Yes... It should be :-). And as you said implementation is the whole
another businness. johnsu01 talked about MySQL and given its history of
not very strong adherence to standard but preferring pratical aspects of
doing things I supposed that it's not working like that. The problem
description made it look like that for me. So forgive me for sounding
like some kinf of authority on the matter of uniqueness!

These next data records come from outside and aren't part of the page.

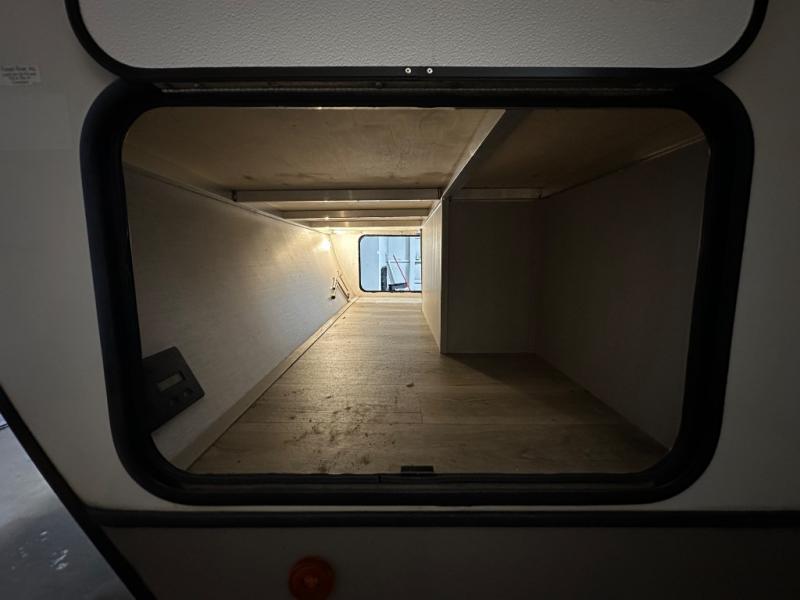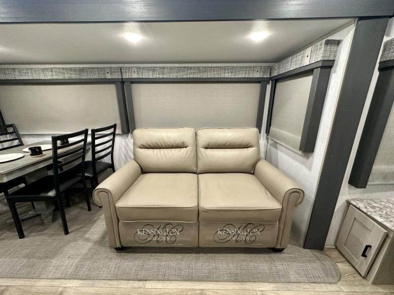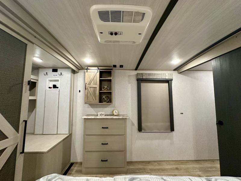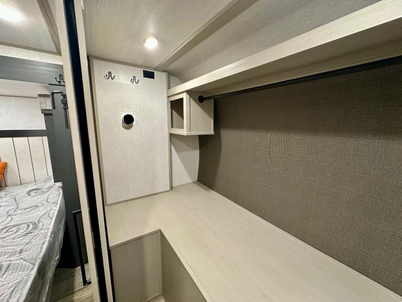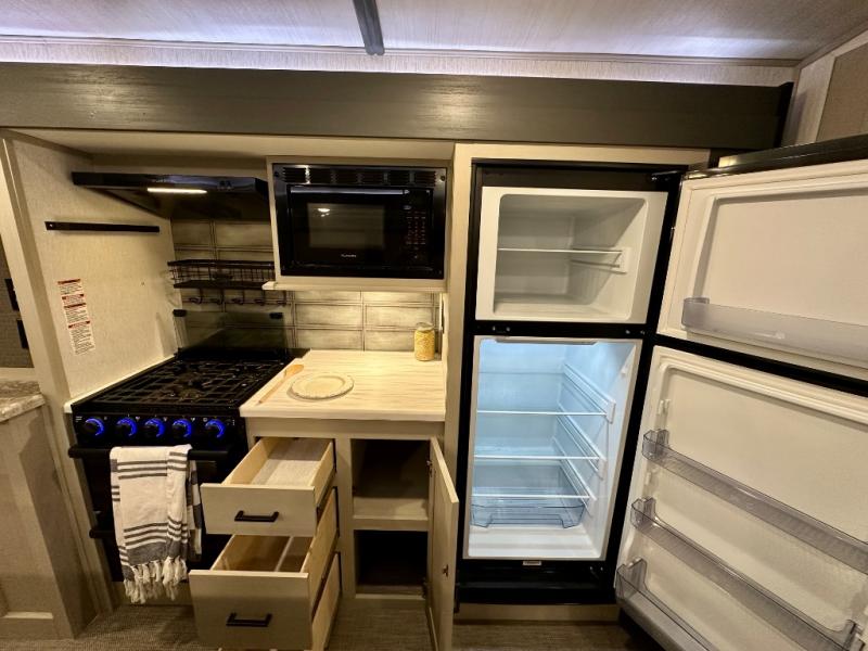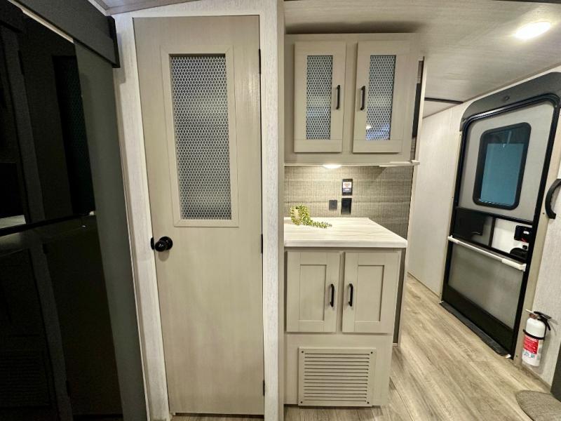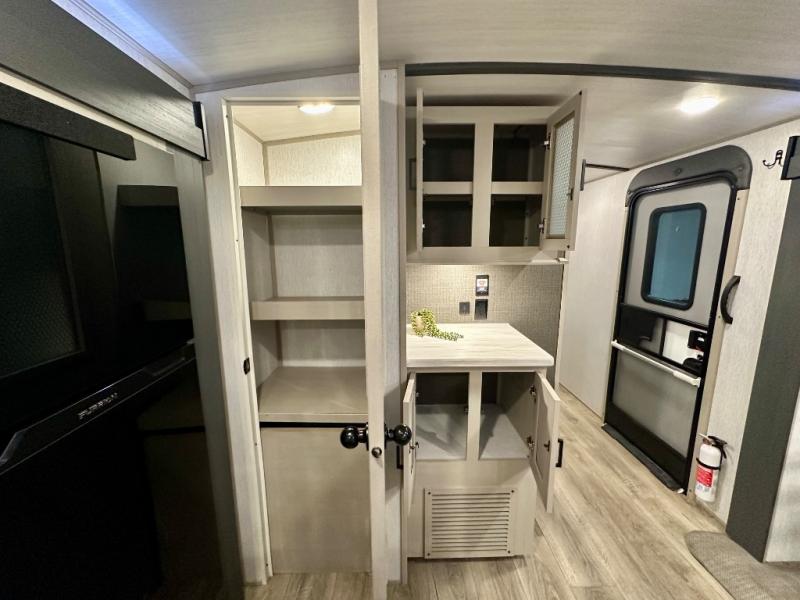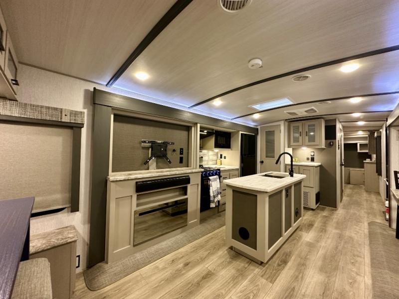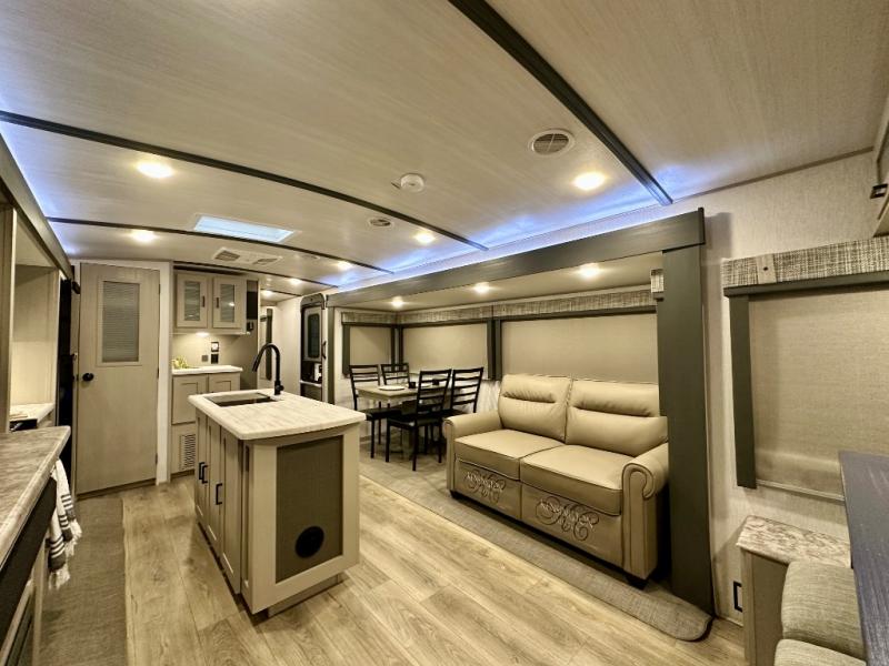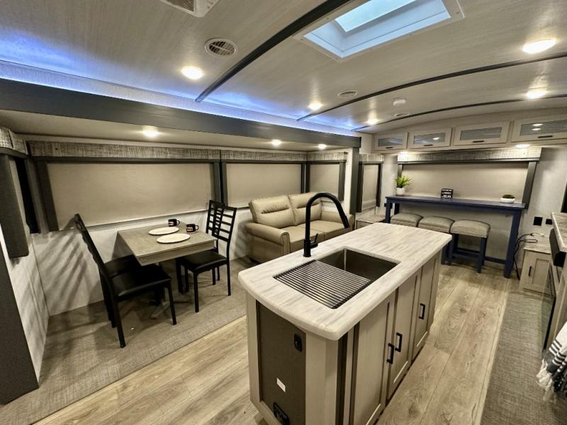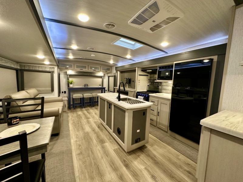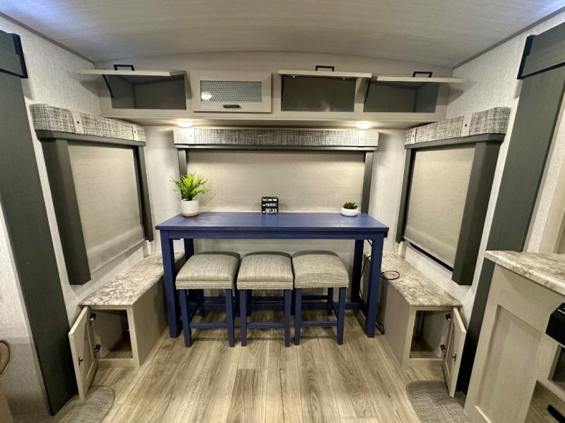This travel trailer is decked out in features you will love like the front walk-in wardrobe with a space prepped for the optional washer and dryer inside the front private bedroom! The full bathroom has everything you will need to get squeaky clean each morning including a residential walk-in shower with a skylight to let in some natural lighting. There is a hutch for you to store your dishes and a kitchen island to make meal prepping even easier. Once you have created a delicious meal, you can head to the booth dinette and enjoy eating it there comfortably while enjoying your view out of the panoramic window!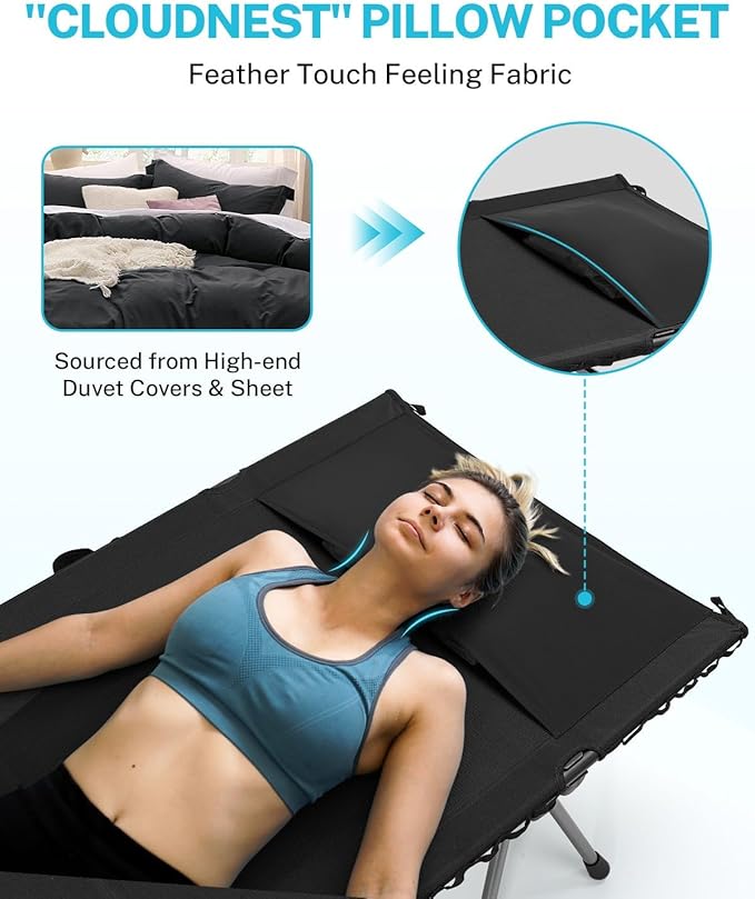 - 【Easy to Assemble】The cot uses the 5th-generation upgraded lever-locking system, which makes setting up a camping cot more convenient. It can be installed easily in four steps and the installation can be completed in only 60 seconds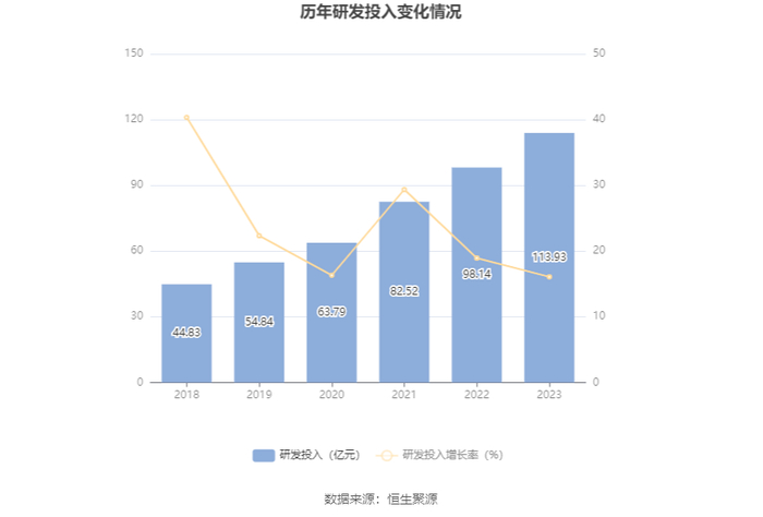 2023年全年,公司研发投入金额为113.93亿元,同比增长16.08%;研发投入占营业收入比例为12.75%,相比上年同期上升0.95个百分点。此外,公司全年研发投入资本化率为0。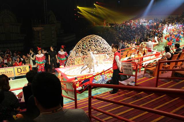 特别提醒3,宁可坐的靠上也别坐的太偏,因为主席台、贵宾区在中间,演员也只朝着一个方向表演,如果坐到了A、B、E、F区域,整个演出都看不到演员和动物们的脸。就酱紫。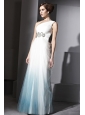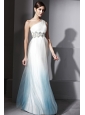 Ombre Color Empire One Shoulder Floor-length Tulle Beading Prom Dress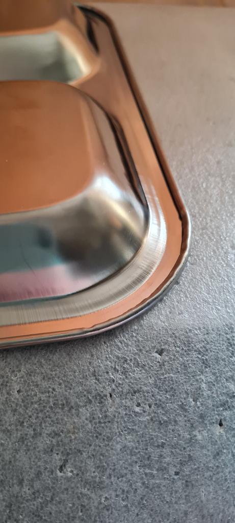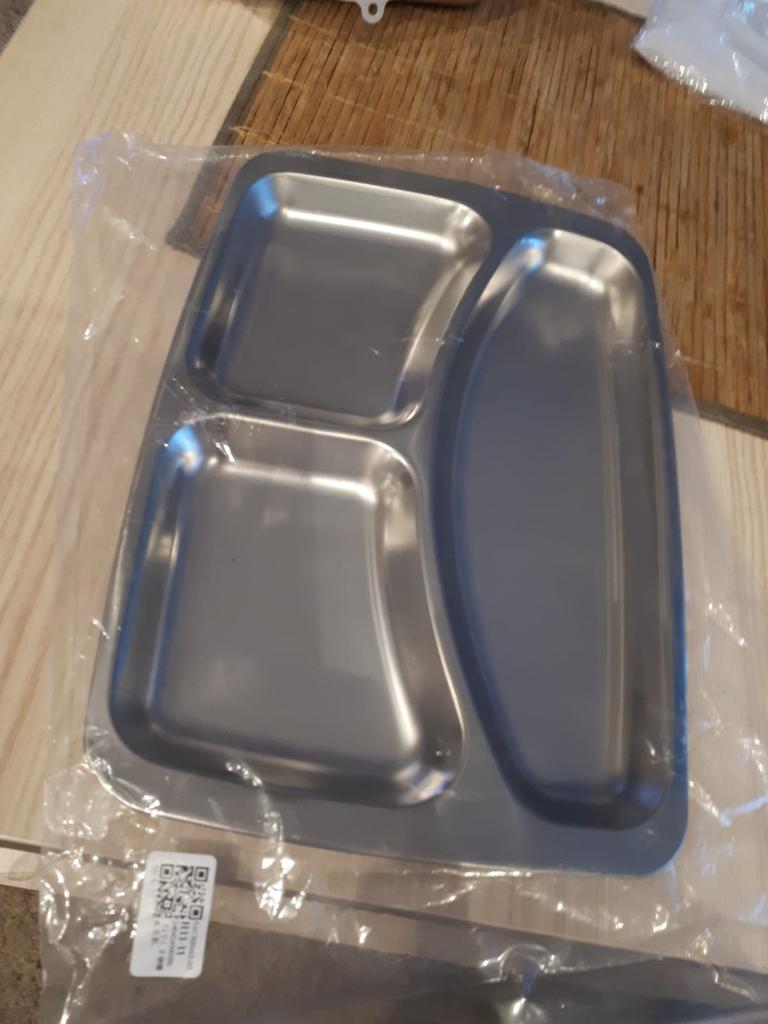 Понятно, что на вкус и цвет товарищей нет, но мне эта " тарелка" нравится. Долго хотела себе что- нибудь похожее. Удобно, много не положишь, а соответственно не переешь. Выполнено из нержавеющей стали, края хорошо "закручены"- не поранишься.

But since things work so different may be custom validator is not a bad
idea after all...

Malcolm Tredinnick

unread,
Mar 6, 2006, 5:49:40 AM3/6/06
to django...@googlegroups.com
On Mon, 2006-03-06 at 12:59 +0300, Ivan Sagalaev wrote:
> Malcolm Tredinnick wrote:
>
> >In a correct SQL implementation, NULL is not comparable to anything,
> >
> >
> Yes... It should be :-). And as you said implementation is the whole
> another businness. johnsu01 talked about MySQL and given its history of
> not very strong adherence to standard but preferring pratical aspects of
> doing things I supposed that it's not working like that. The problem
> description made it look like that for me. So forgive me for sounding
> like some kinf of authority on the matter of uniqueness!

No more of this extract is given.